The Executive Director of the Foundation for International Dignity (FIND) has attributed the entity’s failure to implement most of its projects in 2015 to “strangulation of civil society organizations (CSOs) by some operatives in the country.”
Although Director Roosevelt Woods did not name who might have caused the “strangulation,” he admitted that 2015 was challenging in terms of reaching out to targeted beneficiaries “because of conspiracy against the key organizations and that no CSO can function effectively without the required funding.”

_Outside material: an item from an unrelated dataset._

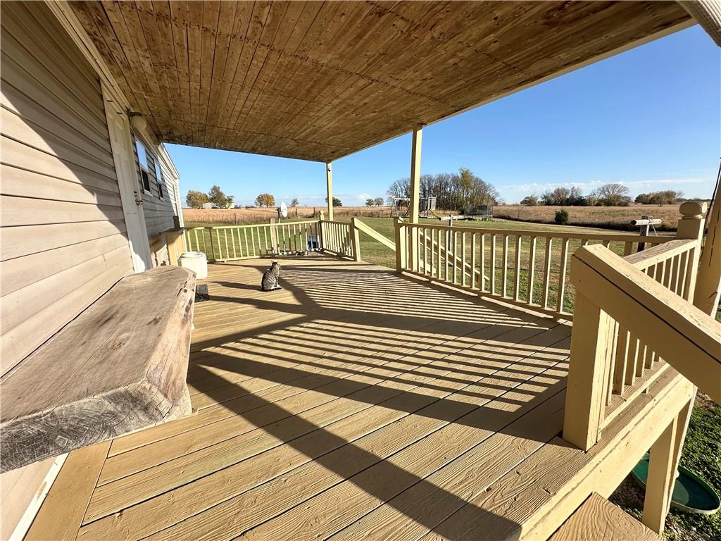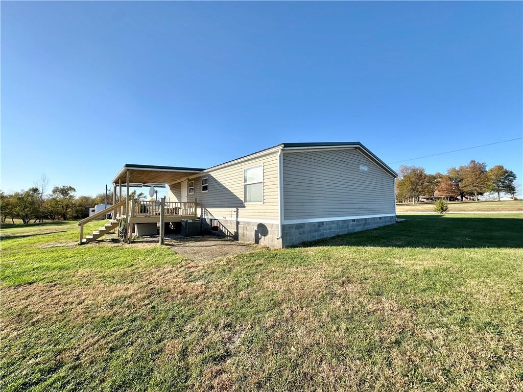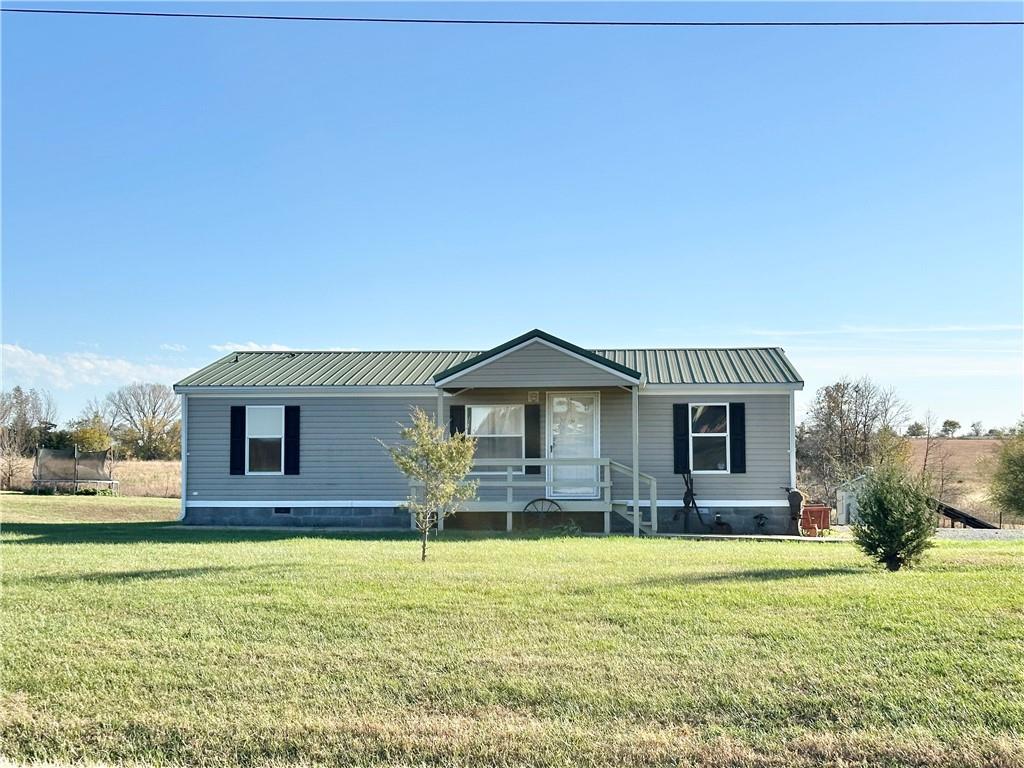 You don't want to miss this adorable 3 BD, 2 BA home on 4 acres....on blacktop! Ready to move into & updated throughout. Open floor plan. The kitchen features a kitchen island, ample storage & stainless steel appliances that stay! (refrigerator, gas stove, dishwasher & microwave) The laundry room is off the kitchen (washer & dryer stay). The living room is open to the kitchen. Entertainment center with fireplace stays! The master bedroom has a walk in closet and a spacious master bathroom featuring a shower & a garden tub. The two additional bedrooms are on the other side of the house, along with the 2nd full bathroom. You will love sitting on your covered deck watching the kids run and play or just having your morning coffee. Metal roof. 2 car detached garage w/concrete floors & electric. Storage shed.

According to Mr. Woods, FIND’s annual progress report in 2015 was “unprecedented because every year, the organization implemented at least five projects, but due to budgetary shortfall like government and with the Ebola outbreak in the country, we were unable to implement even two of any of our targeted projects.”
Mr. Woods made the disclosure on Tuesday when he spoke to a cross-section of reporters at his Ashmun Street office in Monrovia.
“We are disappointed over a scheme of marginalizing and to stop a flow of fund to the CSOs, and our greatest disappointment is with the international community, which continues to hugely support government and pay blind eyes on strengthening the CSOs,” Woods declared.
According to him, Liberia’s existence is for all to enjoy lasting peace; and to arrive at that, Woods said there must be a strike in balancing the support of CSOs alongside donor funding for government, and called for the mode of advocacy to change.
Woods has meanwhile reported that FIND was able to continue the monitoring of prison facilities, courtrooms and police stations across the country, engaging local actors and the gender based violence division at the Ministry of Gender and the United Nations Mission in Liberia (UNMIL) human rights in providing trainings to advocates.
“Even though there have always been inconsistencies in the advocacy carried out by CSOs due to the influence from government as well as limited funding, FIND has derived a strategy of finding more time to work with the locals,” Woods disclosed.
He said if the consciousness of those in the rural areas is enlightened, it will help them hold our leaders accountable on the promotion of human rights, transparency and good governance.